What you will do: In the data below, find the line that contains "NT Authentication selected" and the line that contains "The title is". Copy both, plus every line between them, exactly.

Listed entries:
###

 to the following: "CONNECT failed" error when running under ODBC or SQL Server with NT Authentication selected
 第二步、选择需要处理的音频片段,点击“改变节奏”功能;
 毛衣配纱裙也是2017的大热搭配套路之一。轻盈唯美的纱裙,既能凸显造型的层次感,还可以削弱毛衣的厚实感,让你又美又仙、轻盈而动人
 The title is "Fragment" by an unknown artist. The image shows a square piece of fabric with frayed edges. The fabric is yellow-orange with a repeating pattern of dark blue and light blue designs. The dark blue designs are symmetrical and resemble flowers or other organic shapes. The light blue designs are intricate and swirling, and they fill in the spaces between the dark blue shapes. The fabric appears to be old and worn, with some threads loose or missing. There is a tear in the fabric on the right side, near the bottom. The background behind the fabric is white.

###

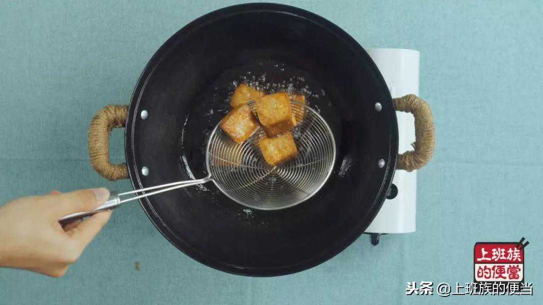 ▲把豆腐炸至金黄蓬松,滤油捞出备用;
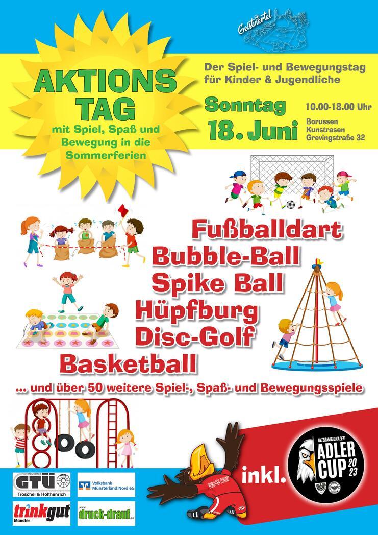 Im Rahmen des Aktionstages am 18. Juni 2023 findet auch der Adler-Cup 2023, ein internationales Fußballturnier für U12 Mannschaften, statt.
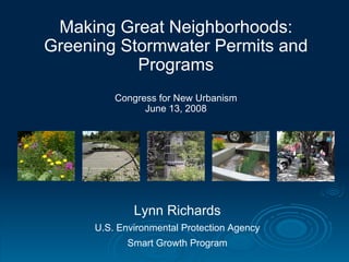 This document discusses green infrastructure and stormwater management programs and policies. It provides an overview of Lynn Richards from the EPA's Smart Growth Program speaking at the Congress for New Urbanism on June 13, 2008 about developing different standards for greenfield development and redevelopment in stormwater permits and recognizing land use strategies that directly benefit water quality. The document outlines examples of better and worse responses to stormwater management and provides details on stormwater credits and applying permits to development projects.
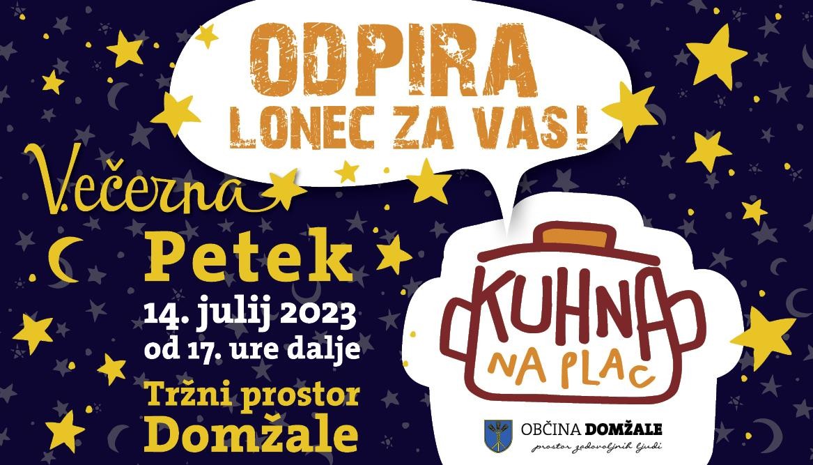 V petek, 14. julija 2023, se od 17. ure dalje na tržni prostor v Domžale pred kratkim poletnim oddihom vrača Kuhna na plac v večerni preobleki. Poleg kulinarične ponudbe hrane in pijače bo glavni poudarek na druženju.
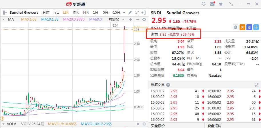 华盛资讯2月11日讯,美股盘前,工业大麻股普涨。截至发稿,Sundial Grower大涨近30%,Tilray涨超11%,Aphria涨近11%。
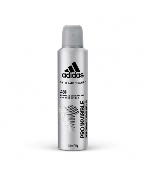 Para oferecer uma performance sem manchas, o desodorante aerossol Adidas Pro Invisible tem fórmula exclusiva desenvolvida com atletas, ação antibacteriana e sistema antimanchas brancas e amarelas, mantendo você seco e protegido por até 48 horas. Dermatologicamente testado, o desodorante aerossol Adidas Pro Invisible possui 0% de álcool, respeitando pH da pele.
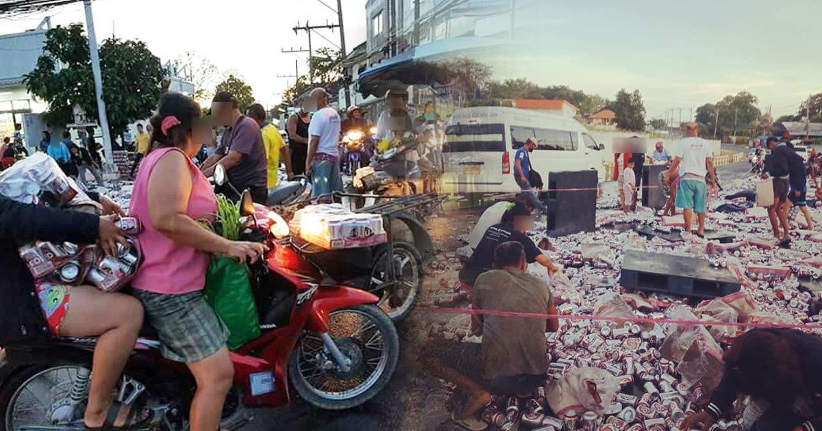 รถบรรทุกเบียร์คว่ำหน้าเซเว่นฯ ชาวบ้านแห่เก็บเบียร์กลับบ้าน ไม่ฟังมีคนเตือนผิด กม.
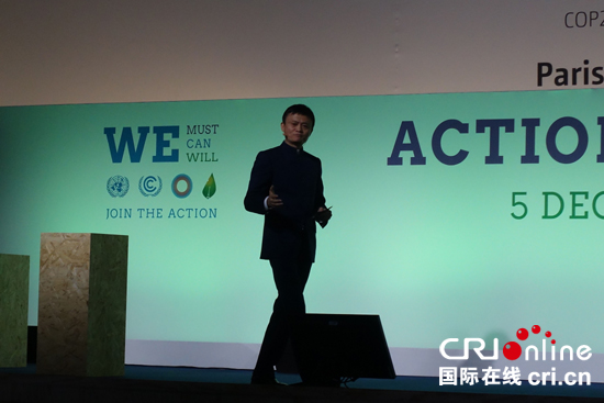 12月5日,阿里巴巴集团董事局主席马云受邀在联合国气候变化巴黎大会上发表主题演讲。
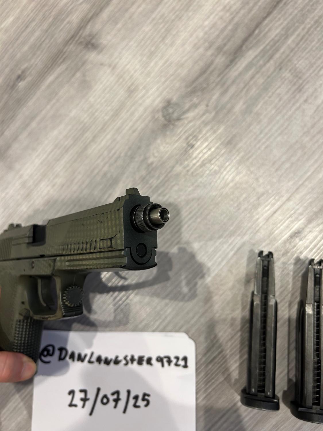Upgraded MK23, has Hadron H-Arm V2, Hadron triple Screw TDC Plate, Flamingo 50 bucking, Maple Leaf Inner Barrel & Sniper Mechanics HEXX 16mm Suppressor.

###

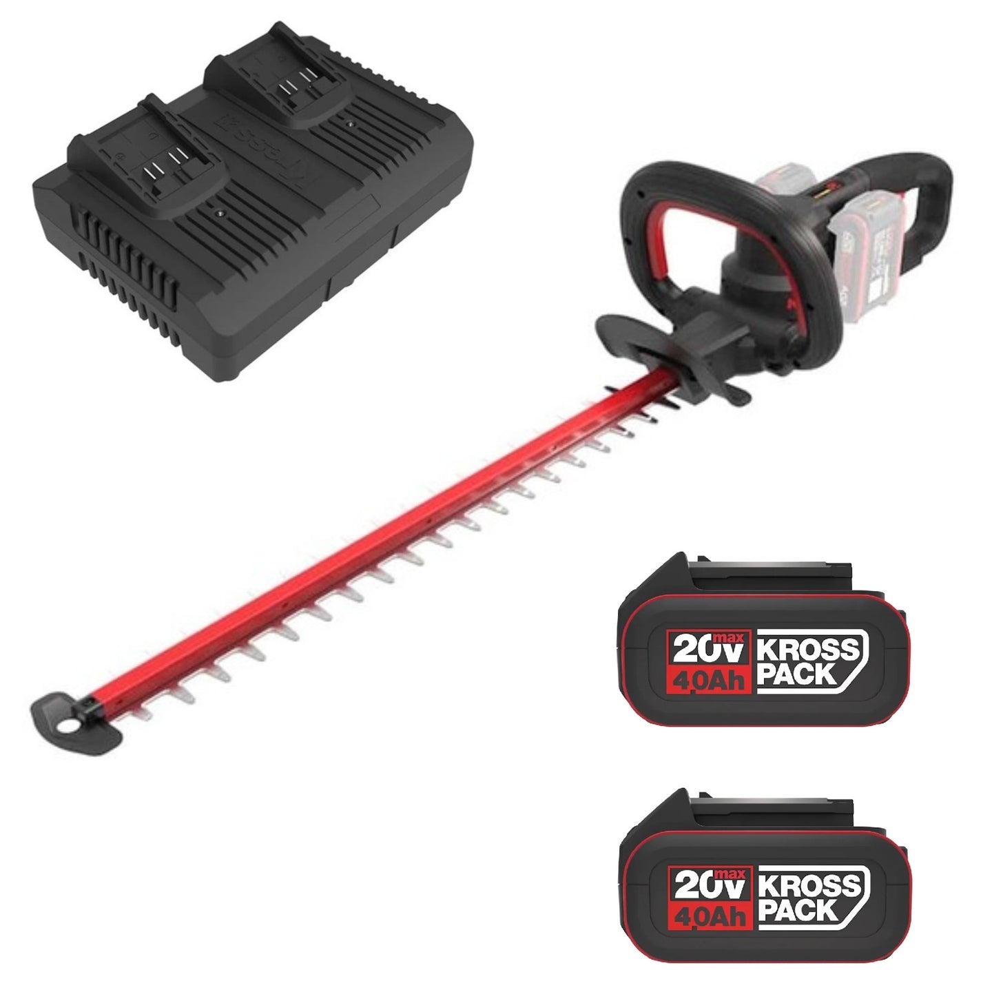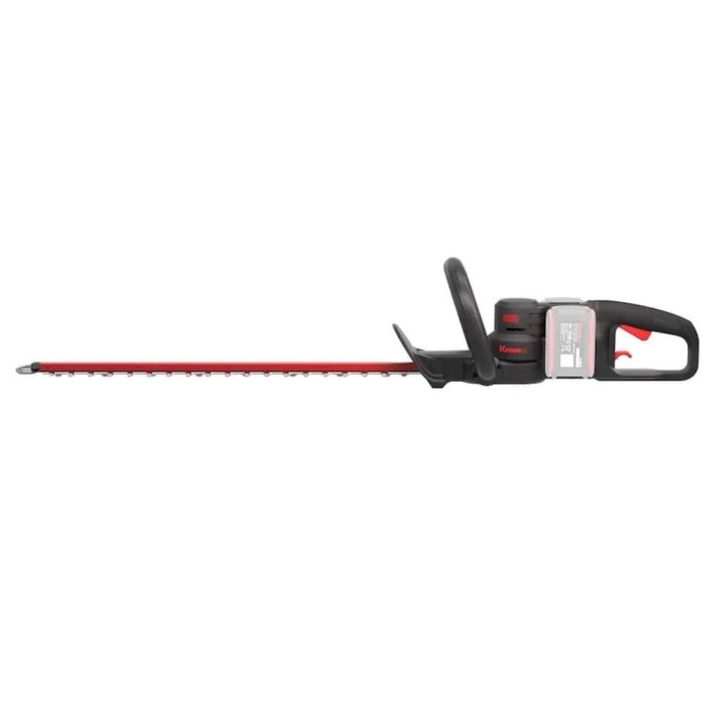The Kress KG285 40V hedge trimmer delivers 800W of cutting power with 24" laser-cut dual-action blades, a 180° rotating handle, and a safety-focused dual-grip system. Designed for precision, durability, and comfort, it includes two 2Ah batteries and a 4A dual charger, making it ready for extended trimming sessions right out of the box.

###

Response to the task:
 to the following: "CONNECT failed" error when running under ODBC or SQL Server with NT Authentication selected
 第二步、选择需要处理的音频片段,点击“改变节奏”功能;
 毛衣配纱裙也是2017的大热搭配套路之一。轻盈唯美的纱裙,既能凸显造型的层次感,还可以削弱毛衣的厚实感,让你又美又仙、轻盈而动人
 The title is "Fragment" by an unknown artist. The image shows a square piece of fabric with frayed edges. The fabric is yellow-orange with a repeating pattern of dark blue and light blue designs. The dark blue designs are symmetrical and resemble flowers or other organic shapes. The light blue designs are intricate and swirling, and they fill in the spaces between the dark blue shapes. The fabric appears to be old and worn, with some threads loose or missing. There is a tear in the fabric on the right side, near the bottom. The background behind the fabric is white.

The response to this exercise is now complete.